Não foi só por causa da escolha do general Braga Netto para ser o vice de Jair Bolsonaro no lugar da deputada federal Tereza Cristina (PP-MS) que o desânimo tomou conta do Centrão. A chamada “ala política” da campanha à reeleição está em clima de velório, e a razão é o próprio comportamento de Bolsonaro.

O fato de o presidente anunciar numa entrevista, neste domingo, que havia preterido a ex-ministra da Agricultura em favor do general, só piorou uma situação que já estava azeda desde o final da semana passada. Isso porque o presidente ignorou todas as recomendações do marqueteiro, Duda Lima, para a viagem que faria ao Nordeste entre quinta-feira e o sábado.

Na quarta-feira, Lima e o núcleo duro da campanha, que inclui os ministros Ciro Nogueira e Braga Netto, o senador Flávio Bolsonaro (PL-RJ) e o presidente nacional do PL, Valdemar da Costa Neto, apresentaram ao presidente um plano estratégico detalhado para os próximos 100 dias de campanha.

Entre o final da tarde e a noite de quarta-feira, Lima fez uma apresentação propondo que Bolsonaro dedicasse todas as oportunidades que tivesse no Nordeste para fazer a defesa do Auxílio Brasil e de outras iniciativas que geraram emprego, para tentar virar o voto de eleitores que hoje decidiram abraçar a candidatura do ex-presidente Luiz Inácio Lula da Silva (PT).

A viagem ao Nordeste era fundamental neste trabalho, uma vez que é na região que Bolsonaro enfrenta suas maiores taxas de rejeição. Segundo a última pesquisa Datafolha, 55% dos brasileiros não votariam no atual presidente. Entre os nordestinos, o desprezo alcança a marca de 62%.

O material apresentado ao presidente na quarta-feira continha uma lista de programas, junto com o que o presidente deveria dizer sobre cada um deles nos discursos. Depois de assistir a apresentação, Bolsonaro elogiou o plano e disse ter concordado com tudo.

Mas, nos dias seguintes, o esperado “foco total no social” virou uma sequência de falas a respeito do caso Milton Ribeiro, das suspeitas infundadas do presidente sobre as urnas eletrônicas e da guerra de bastidores com o Supremo do que de programas sociais ou de realizações do governo que acabaram deixadas de lado.

Na sexta-feira, depois da divulgação do áudio em que o ex-ministro da Educação disse à filha que Bolsonaro tinha o “pressentimento” de que haveria uma ação de busca e apreensão, o presidente ainda cancelou um almoço com lideranças políticas da Paraíba.

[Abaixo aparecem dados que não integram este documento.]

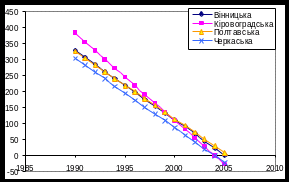 Рис 3.4.5. Тенденції спадання захворюваності в областях центральної України

“O risco de derrota só aumenta”, lamentava, na tarde de ontem, um dos envolvidos na tentativa de coordenar os trabalhos da campanha. “O presidente está fazendo de tudo para perder” – é a avaliação que mais se ouve no entorno de Bolsonaro, mas que ninguém tem coragem de fazer diretamente a ele.

O desânimo é recíproco: Bolsonaro não tem poupado reservadamente críticas ao PL, ao marketing da campanha e à equipe jurídica – e por isso tem ignorado os conselhos que recebe.

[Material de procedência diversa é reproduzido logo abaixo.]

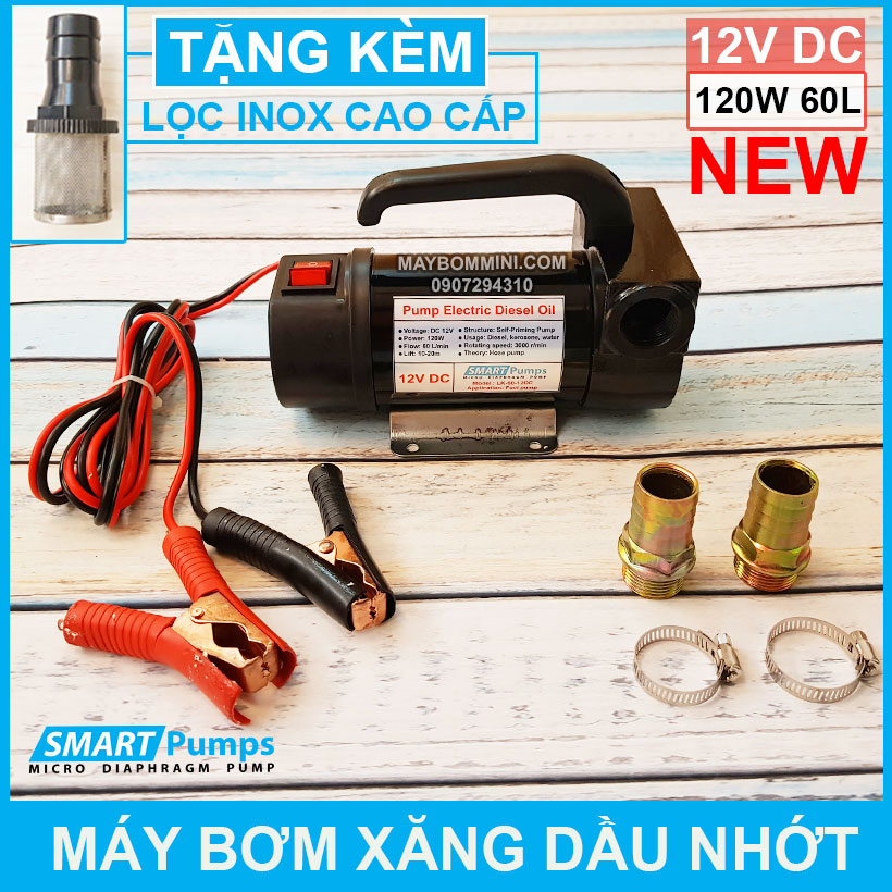 Phân phối sỉ và lẻ máy bơm xăng dầu nhớt 12V 120W 60L SMARTPUMPS chuyên dụng bơm nhiên liệu. Với với công xuất bơm lớn và lưu lượng cao thích hợp bơm nhiên liệu tàu xe phương tiện bơm sang chiết chất lỏng.

Nesse contexto, a decisão de não colocar Tereza Cristina como vice é vista no Centrão como uma oportunidade perdida de criar fatos positivos para “chacoalhar a campanha”.

Além de atrair o eleitorado feminino, outro foco de rejeição ao chefe do Planalto, o Centrão considerava que a imagem de uma mulher com perfil mais político e imagem de realizadora poderia “amenizar” o radicalismo de uma chapa puramente ideológica.

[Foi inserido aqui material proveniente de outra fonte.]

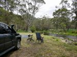 Next trip you might like to stop/camp on the Victoria River. It is a great little spot, about 3/4 km off the Hotham Road. The grassy area is situated under gum trees and there is an environmentally friendly toilet there together with fire pits. A short drive down the road, and beside the Victoria River, will take you to a viewing area for the Victoria River Falls. If you are fit enough you can also walk down from the end of the road and view the remains of the old Hydro station on the Cobungra River. The first Hydro station in Australia and used to power the nearby gold mines.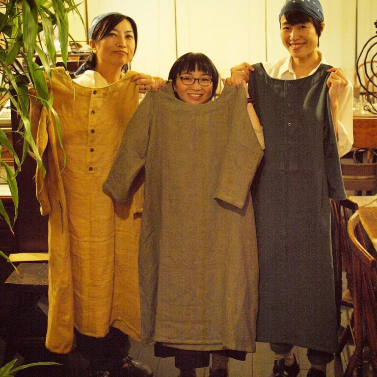 日曜日の夕方は久しぶりに元スタッフで最近は当店おかかえ縫い子さんのはまちゃんがご来店がてら納品は店長ミヤザキにぬまっち、ウメさんが生地を預けておいたワンピースを納品してくれました!もちろん100%はま子クオリティ!すてきです!(笑)(お)

“No nosso planejamento, junho seria o mês da virada, mas até agora só colecionamos problemas”, diz um estrategista da campanha.

Para um general que trabalhou no primeiro escalão do governo, a chapa Bolsonaro-Braga Netto acabou ficando com cara de “‘pão com êpa!”. “É como chamamos na linguagem militar, quando você abre o pão, cheio de expectativas, e não tem nada dentro”, define.